US not to leave 'vacuum' for strategic foes in Middle East: State Dpt.
This comes ahead of an upcoming visit by US Secretary of State Antony Blinken to Saudi Arabia scheduled on June 6-8.
US Deputy Assistant Secretary for Arabian Peninsula Affairs Daniel Benaim said on Friday that the US will seek to maintain a presence in the Middle East so as to not leave a vacuum that would enable strategic competitors to fill.
"We will not leave a vacuum for our strategic competitors in this region," Benaim said during a press briefing.
This comes ahead of a forthcoming visit by US Secretary of State Antony Blinken to Saudi Arabia scheduled on June 6-8. Blinken is due to meet and discuss with Saudi officials a range of regional and global matters.
Blinken is also due to take part in a US-Gulf Cooperation Council ministerial meeting, as well as a ministerial meeting of the Global Coalition to Defeat the Islamic State terror group.

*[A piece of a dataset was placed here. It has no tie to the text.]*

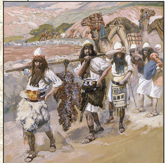
"The Grapes of Canaan" by James Tissot

Several non-member Central Asian states are due to attend the coalition, according to Deputy Special Envoy to the Global Coalition to Defeat ISIS Ian McCary.
Benaim noted during his briefing that the US works with Saudi Arabia on issues pertaining to China and Russia and that the Biden administration seeks to offer better solutions for the region instead of forcing countries to choose between the US and its competitors.
Earlier in the day, Sputnik reported that several countries have expressed an interest in joining the BRICS association, including Iran, Venezuela, and interestingly Saudi Arabia too.
The implications for Saudi Arabia to abandon the dollar would possibly be disastrous to the US economy as the US relies on the petrodollar to thrive its own currency and safeguard it as the world medium of savings in addition to world means of exchange.
In efforts to de-dollarize global trade, BRICS members have initiated talks about the possibility of forming an alternative global currency that would challenge the US dollar.
Russia's State Duma Deputy Chairman Alexander Babakov said the possibility of an alternative currency could be backed not just by gold, but also by other groups of products, such as rare-earth elements.